• _DATA_:
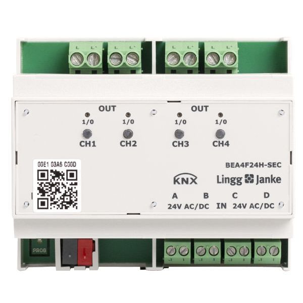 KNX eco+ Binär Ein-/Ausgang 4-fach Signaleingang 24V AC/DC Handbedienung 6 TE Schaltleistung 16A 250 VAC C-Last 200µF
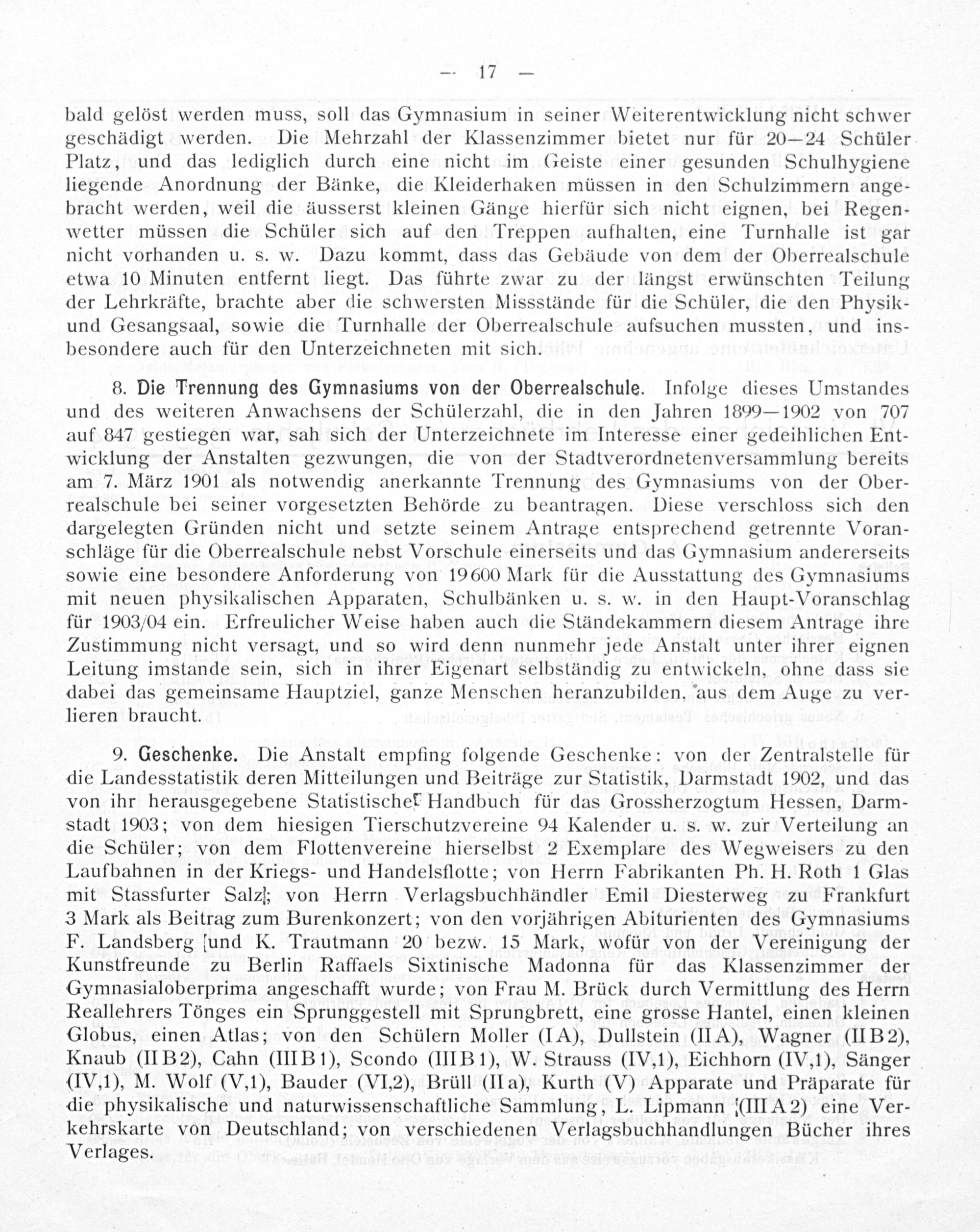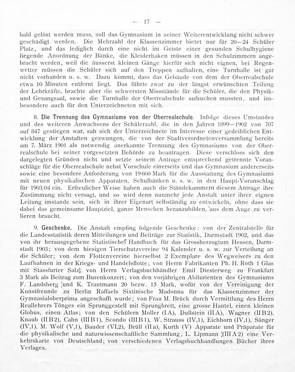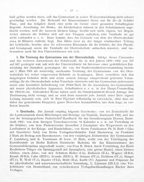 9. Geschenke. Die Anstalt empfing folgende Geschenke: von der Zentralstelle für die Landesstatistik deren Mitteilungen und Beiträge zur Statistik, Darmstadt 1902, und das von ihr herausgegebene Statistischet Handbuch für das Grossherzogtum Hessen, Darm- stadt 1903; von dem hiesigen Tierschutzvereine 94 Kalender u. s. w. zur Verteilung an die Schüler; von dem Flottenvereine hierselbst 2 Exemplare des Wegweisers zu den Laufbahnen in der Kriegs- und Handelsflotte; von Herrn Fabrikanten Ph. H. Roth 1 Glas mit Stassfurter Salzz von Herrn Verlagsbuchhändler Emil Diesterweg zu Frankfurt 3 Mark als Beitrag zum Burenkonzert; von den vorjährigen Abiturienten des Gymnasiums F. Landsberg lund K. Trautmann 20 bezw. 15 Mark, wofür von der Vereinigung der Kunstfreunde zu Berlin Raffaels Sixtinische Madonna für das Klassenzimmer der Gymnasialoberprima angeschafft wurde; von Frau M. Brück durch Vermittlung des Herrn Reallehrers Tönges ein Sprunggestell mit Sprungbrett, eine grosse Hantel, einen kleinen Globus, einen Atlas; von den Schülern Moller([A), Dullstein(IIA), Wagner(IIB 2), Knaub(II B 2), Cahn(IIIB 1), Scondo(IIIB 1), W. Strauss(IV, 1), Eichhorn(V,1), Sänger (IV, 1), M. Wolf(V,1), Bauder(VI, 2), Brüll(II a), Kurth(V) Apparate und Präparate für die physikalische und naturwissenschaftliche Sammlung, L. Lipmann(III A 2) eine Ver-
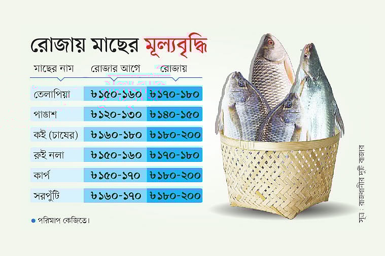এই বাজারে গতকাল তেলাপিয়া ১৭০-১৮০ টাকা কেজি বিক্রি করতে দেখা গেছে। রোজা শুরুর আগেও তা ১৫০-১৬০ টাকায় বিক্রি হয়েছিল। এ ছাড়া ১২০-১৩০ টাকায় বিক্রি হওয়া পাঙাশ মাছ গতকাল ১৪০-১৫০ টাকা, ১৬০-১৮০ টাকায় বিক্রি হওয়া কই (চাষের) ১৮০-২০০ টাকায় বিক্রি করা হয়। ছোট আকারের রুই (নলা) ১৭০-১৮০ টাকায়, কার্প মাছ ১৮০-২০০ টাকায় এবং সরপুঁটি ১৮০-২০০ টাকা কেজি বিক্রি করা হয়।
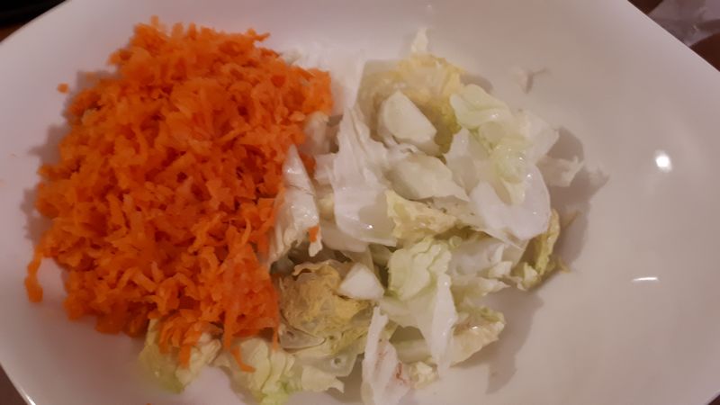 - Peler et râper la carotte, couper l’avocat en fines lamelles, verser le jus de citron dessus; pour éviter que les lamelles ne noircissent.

• _EXERCISE GOAL_: The expected output is the complete listing, word for word, without any picture.

• _EXPECTED OUTPUT_:
 KNX eco+ Binär Ein-/Ausgang 4-fach Signaleingang 24V AC/DC Handbedienung 6 TE Schaltleistung 16A 250 VAC C-Last 200µF
 9. Geschenke. Die Anstalt empfing folgende Geschenke: von der Zentralstelle für die Landesstatistik deren Mitteilungen und Beiträge zur Statistik, Darmstadt 1902, und das von ihr herausgegebene Statistischet Handbuch für das Grossherzogtum Hessen, Darm- stadt 1903; von dem hiesigen Tierschutzvereine 94 Kalender u. s. w. zur Verteilung an die Schüler; von dem Flottenvereine hierselbst 2 Exemplare des Wegweisers zu den Laufbahnen in der Kriegs- und Handelsflotte; von Herrn Fabrikanten Ph. H. Roth 1 Glas mit Stassfurter Salzz von Herrn Verlagsbuchhändler Emil Diesterweg zu Frankfurt 3 Mark als Beitrag zum Burenkonzert; von den vorjährigen Abiturienten des Gymnasiums F. Landsberg lund K. Trautmann 20 bezw. 15 Mark, wofür von der Vereinigung der Kunstfreunde zu Berlin Raffaels Sixtinische Madonna für das Klassenzimmer der Gymnasialoberprima angeschafft wurde; von Frau M. Brück durch Vermittlung des Herrn Reallehrers Tönges ein Sprunggestell mit Sprungbrett, eine grosse Hantel, einen kleinen Globus, einen Atlas; von den Schülern Moller([A), Dullstein(IIA), Wagner(IIB 2), Knaub(II B 2), Cahn(IIIB 1), Scondo(IIIB 1), W. Strauss(IV, 1), Eichhorn(V,1), Sänger (IV, 1), M. Wolf(V,1), Bauder(VI, 2), Brüll(II a), Kurth(V) Apparate und Präparate für die physikalische und naturwissenschaftliche Sammlung, L. Lipmann(III A 2) eine Ver-
এই বাজারে গতকাল তেলাপিয়া ১৭০-১৮০ টাকা কেজি বিক্রি করতে দেখা গেছে। রোজা শুরুর আগেও তা ১৫০-১৬০ টাকায় বিক্রি হয়েছিল। এ ছাড়া ১২০-১৩০ টাকায় বিক্রি হওয়া পাঙাশ মাছ গতকাল ১৪০-১৫০ টাকা, ১৬০-১৮০ টাকায় বিক্রি হওয়া কই (চাষের) ১৮০-২০০ টাকায় বিক্রি করা হয়। ছোট আকারের রুই (নলা) ১৭০-১৮০ টাকায়, কার্প মাছ ১৮০-২০০ টাকায় এবং সরপুঁটি ১৮০-২০০ টাকা কেজি বিক্রি করা হয়।
 - Peler et râper la carotte, couper l’avocat en fines lamelles, verser le jus de citron dessus; pour éviter que les lamelles ne noircissent.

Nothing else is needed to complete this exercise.